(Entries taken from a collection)
== Segment start ==

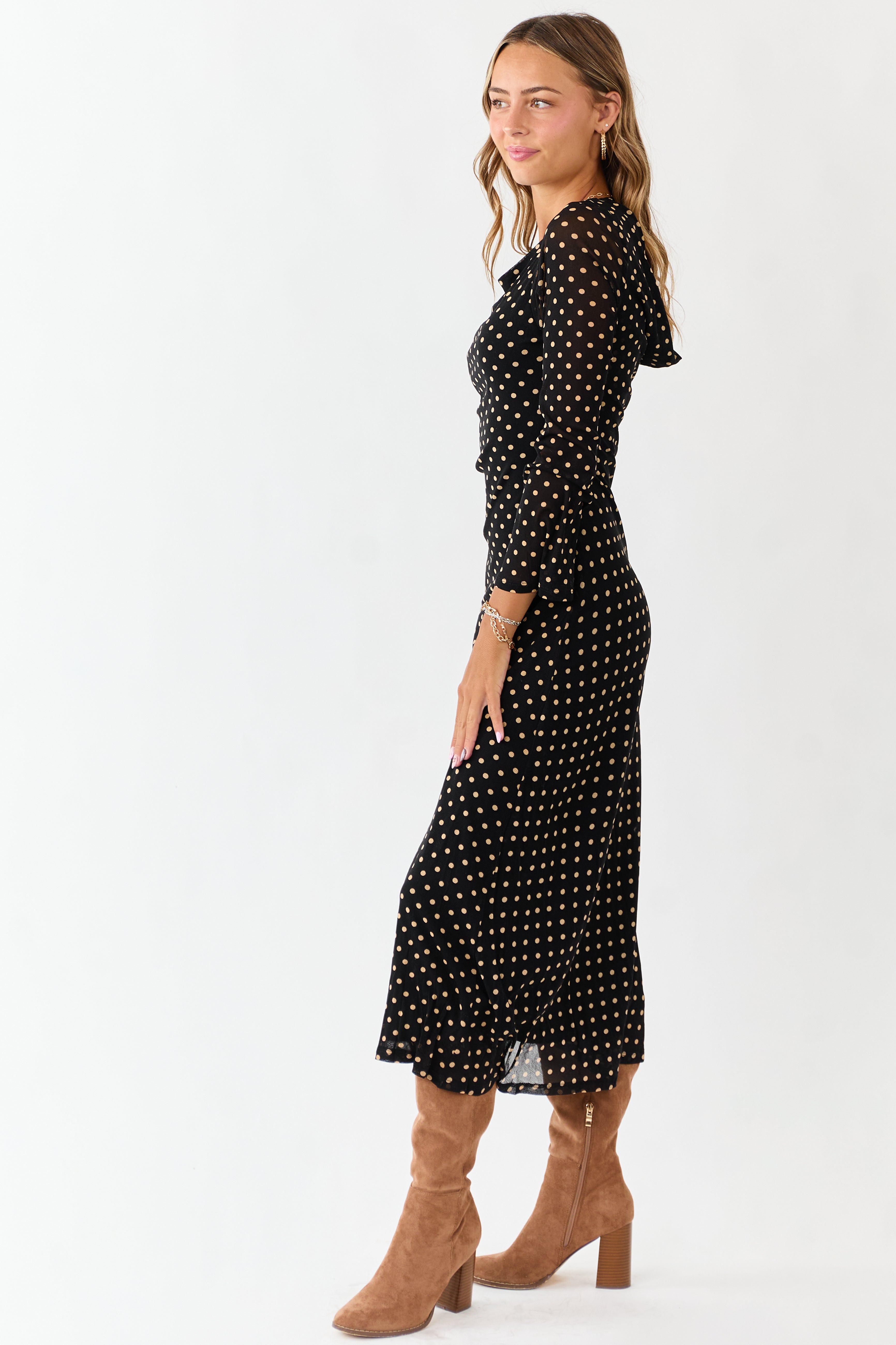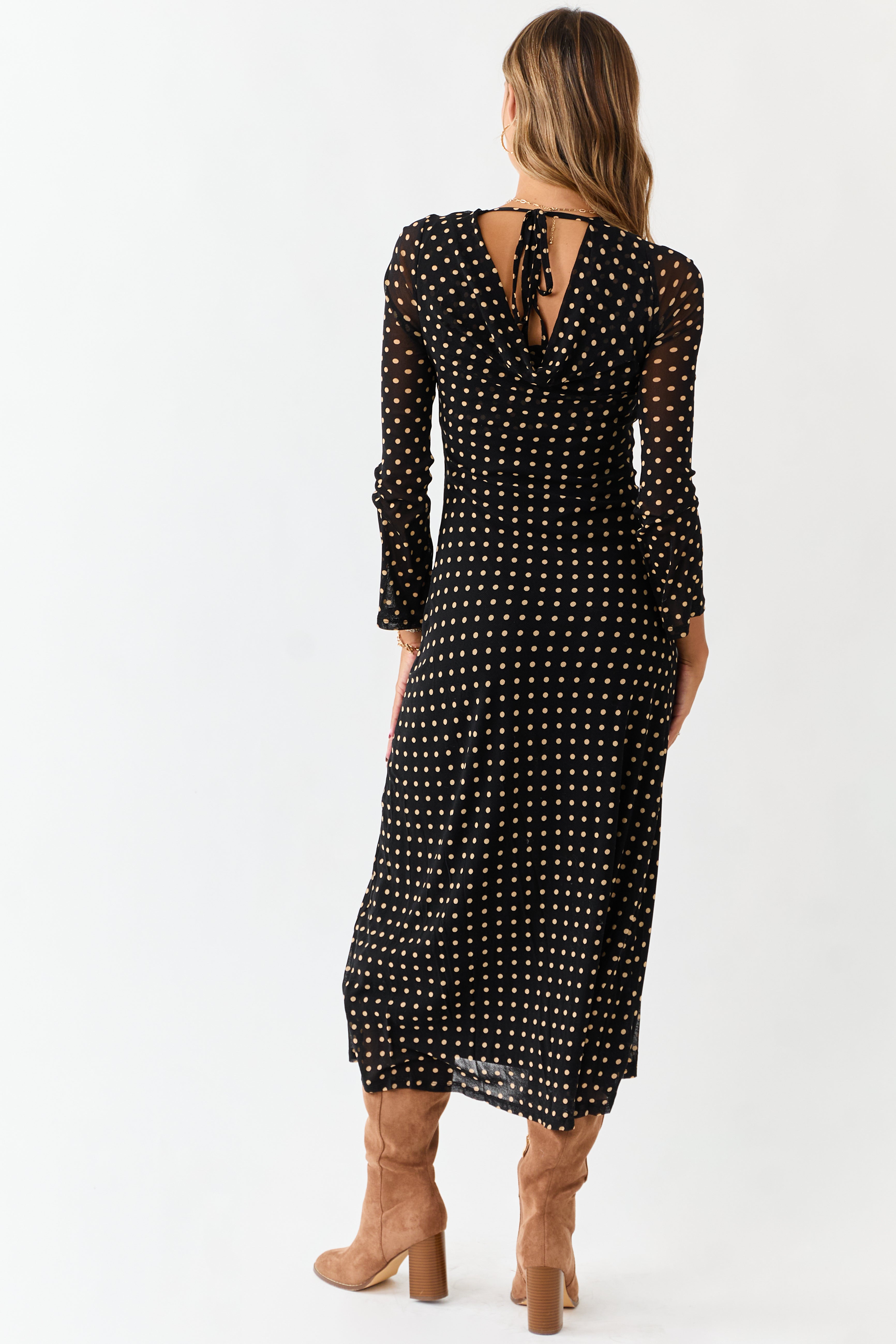 - Sheer mesh sleeves and playful polka dots give this midi dress timeless charm with a modern twist.
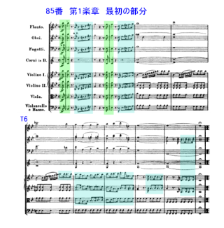 2019年6月18日 85番 N マリナー を聴取。第1楽章 T12から始まる第1主題。簡潔かつ印象的な動機。第2主題は同じ旋律を属調に殆ど変えただけなので、この楽章を通して、第1楽章の第1主題は終始、支配される。第1、2vnのT12から提示される動機は、短い4小節単位だが、スラーで書かれている。それに対して低弦はスラーではない刻む様な対旋律。この2つの音程と音色が異なった動機が、対比されるのが聴き所のひとつ。T14-15のスラーを第1,2vn.でスラーでないために、低弦の対旋律と第1,2vn.の2つは、少し似たような雰囲気になっている。
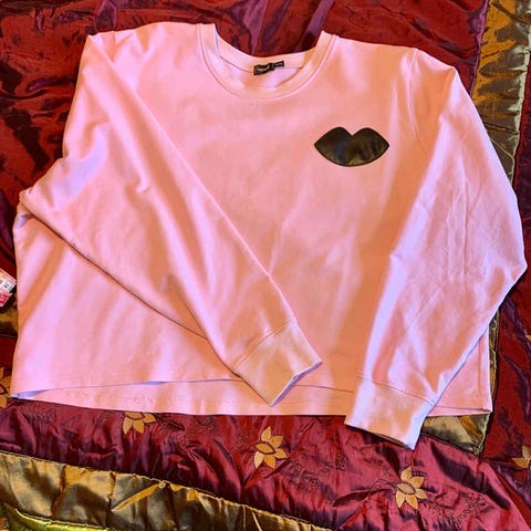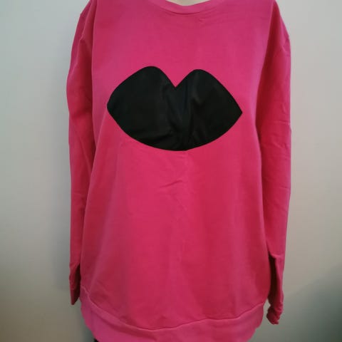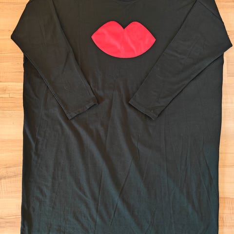 Verkkomaiset hihat, joissa ranteissa resori. Selässä Luppasten tunnettu, nahan tuntuinen huulimerkki
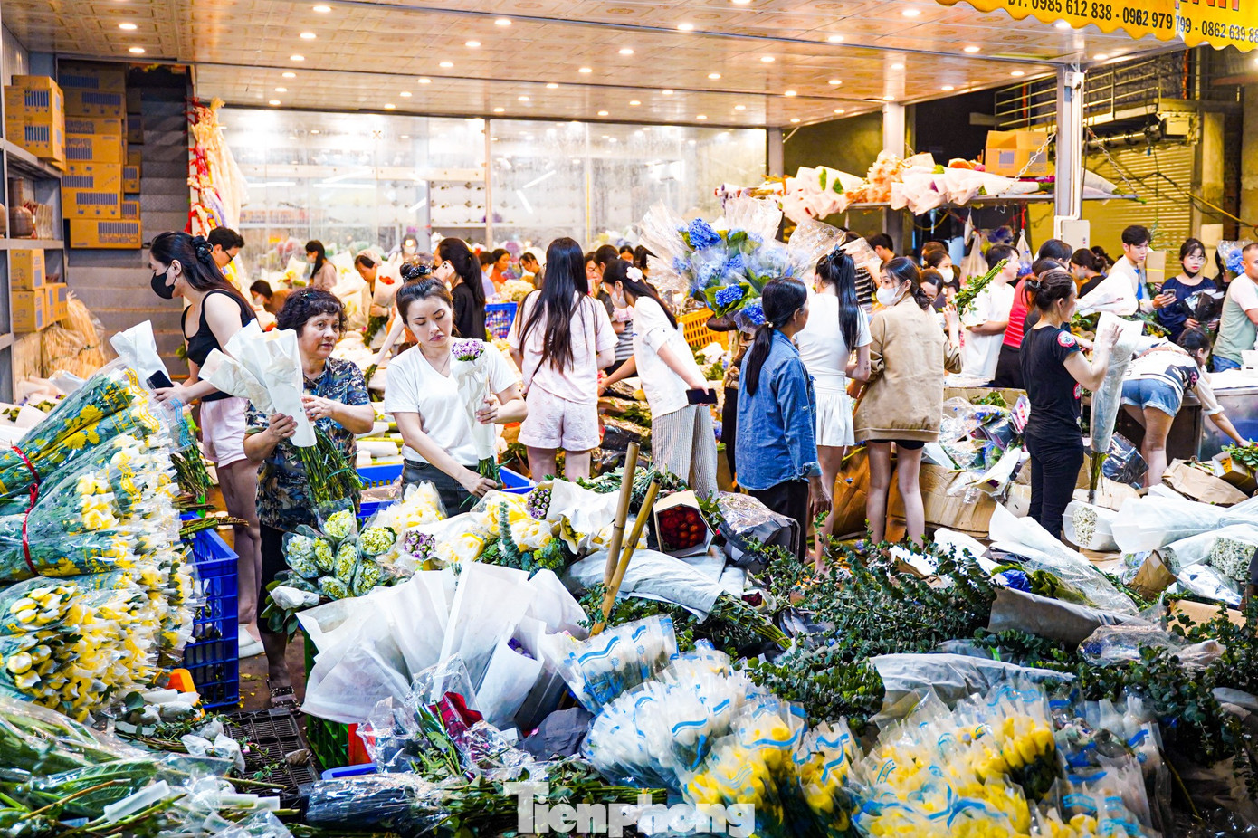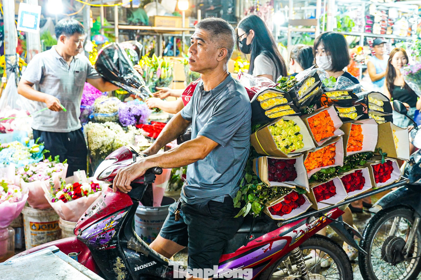 Càng gần đến ngày Phụ nữ Việt Nam 20/10, chợ hoa Quảng Bá càng trở nên đông đúc, nhộn nhịp với không khí mua bán tấp nập suốt đêm.
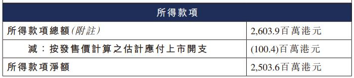 长光辰芯的发售价为39.88港元,所得款项总额为2,603.9百万港元,扣除按发售价计算之估计应付上市开支100.4百万港元,所得款项净额为2,503.6百万港元。
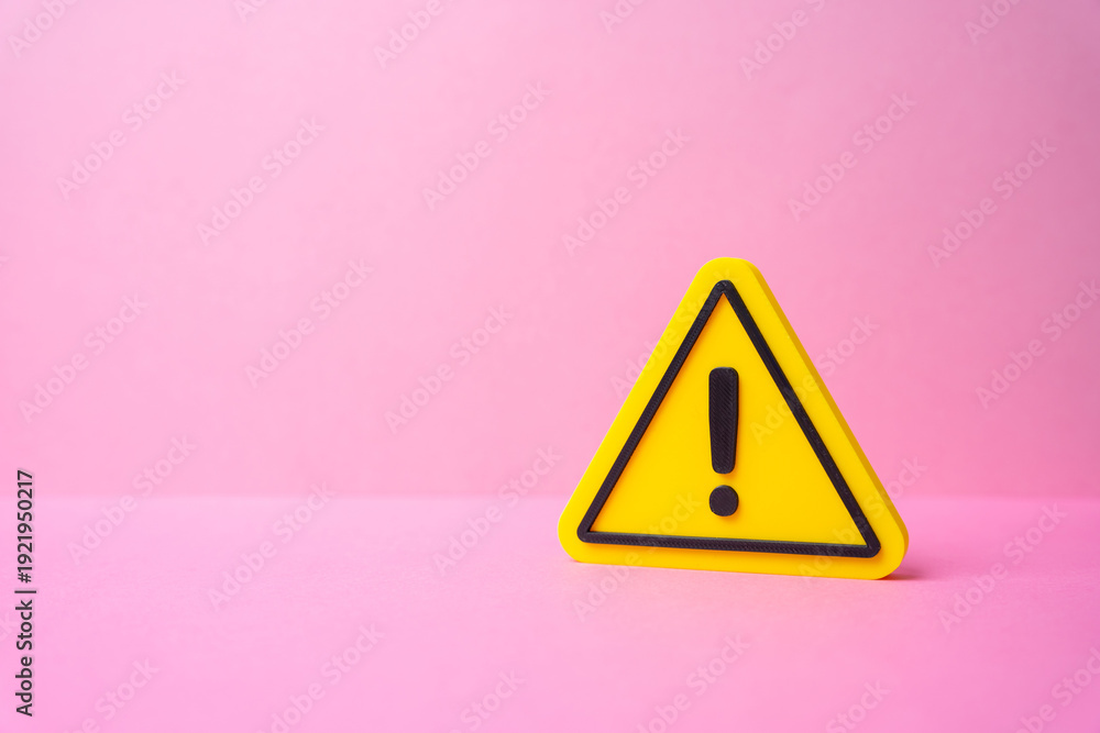 Yellow attention sign on pink background. Important message and information. Minimal warning symbol design for announcements marketing alerts and communication concept. #1921950217
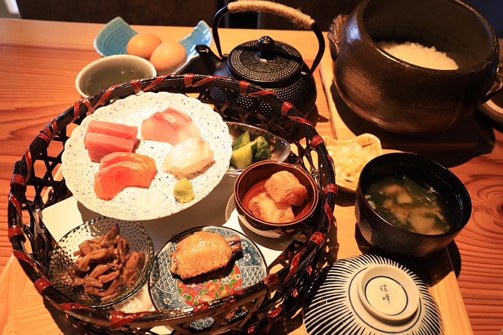 メイン料理は黒毛和牛のステーキやすき焼き、旬のお刺身など贅沢なラインナップから選ぶことができ、付け合わせには土鍋ご飯と忍野村産の生卵、国産岩海苔もおかわり自由で付いてきます。
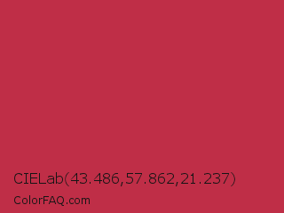 CIELab 43.486,57.862,21.237 Color is a normal red color and the nearest color is French Raspberry #c72c48. Hex code #bf2e47 and RGB value is rgb(191,46,71). In RGB color space, this color is composed of 75% red, 18% green, 28% blue, In CMYK color space, this color is composed of 0% cyan, 76% magenta, 63% yellow , 25% black , In HSL color space, this color has a hue angle of 350° , 61% saturation and 46% lightness.

== Segment end ==

* [Exercise objective]: Reproduce the records exactly, starting with their first line and ending with the line that contains "Càng gần đến", though pictures should be dropped.

* [Answer space]:
 - Sheer mesh sleeves and playful polka dots give this midi dress timeless charm with a modern twist.
 2019年6月18日 85番 N マリナー を聴取。第1楽章 T12から始まる第1主題。簡潔かつ印象的な動機。第2主題は同じ旋律を属調に殆ど変えただけなので、この楽章を通して、第1楽章の第1主題は終始、支配される。第1、2vnのT12から提示される動機は、短い4小節単位だが、スラーで書かれている。それに対して低弦はスラーではない刻む様な対旋律。この2つの音程と音色が異なった動機が、対比されるのが聴き所のひとつ。T14-15のスラーを第1,2vn.でスラーでないために、低弦の対旋律と第1,2vn.の2つは、少し似たような雰囲気になっている。
 Verkkomaiset hihat, joissa ranteissa resori. Selässä Luppasten tunnettu, nahan tuntuinen huulimerkki
 Càng gần đến ngày Phụ nữ Việt Nam 20/10, chợ hoa Quảng Bá càng trở nên đông đúc, nhộn nhịp với không khí mua bán tấp nập suốt đêm.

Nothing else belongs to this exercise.